(TASK STATEMENT) Give exactly the lines from the one with "- Two 50 watts" through the final line of the listing below, both included, leaving out any pictures.

(MATERIAL PROVIDED)
--

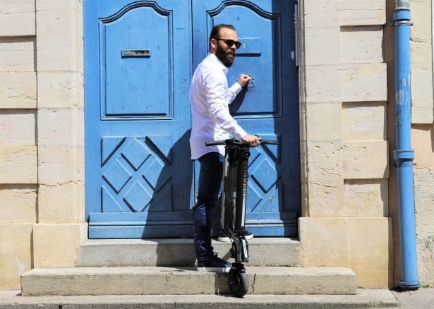 - J’adore son côté pratique, son système de pliage en 1 » seconde sans prise de tête. J’apprécie beaucoup son design novateur et sobre, il est parfait même si je me déplace en costume-sur-mesure ! Et avec sa vitesse possible jusqu’à 25km/h, j’arrive à l’heure à mes rendez-vous tout en restant prudent et attentif à mon environnement !
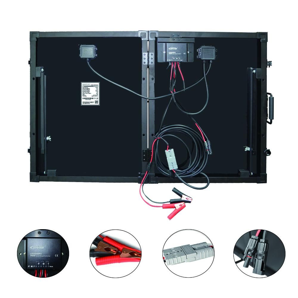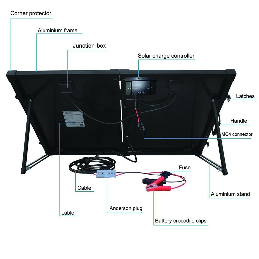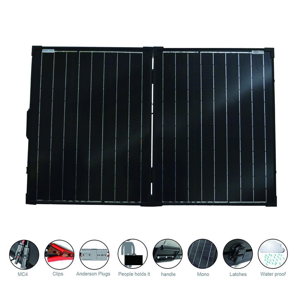 - Two 50 watts solar panels attached in pairs for portability. Case design facilitates transportation and helps keep solar panel safe when storing
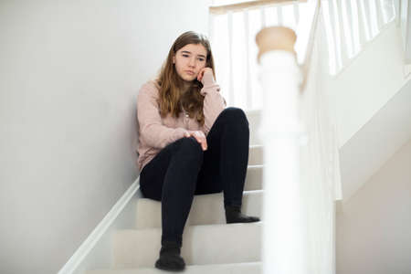 Fed Up Teenage Girl Sitting On Stairs At Home

--

(EXERCISE RESULT)
 - Two 50 watts solar panels attached in pairs for portability. Case design facilitates transportation and helps keep solar panel safe when storing
 Fed Up Teenage Girl Sitting On Stairs At Home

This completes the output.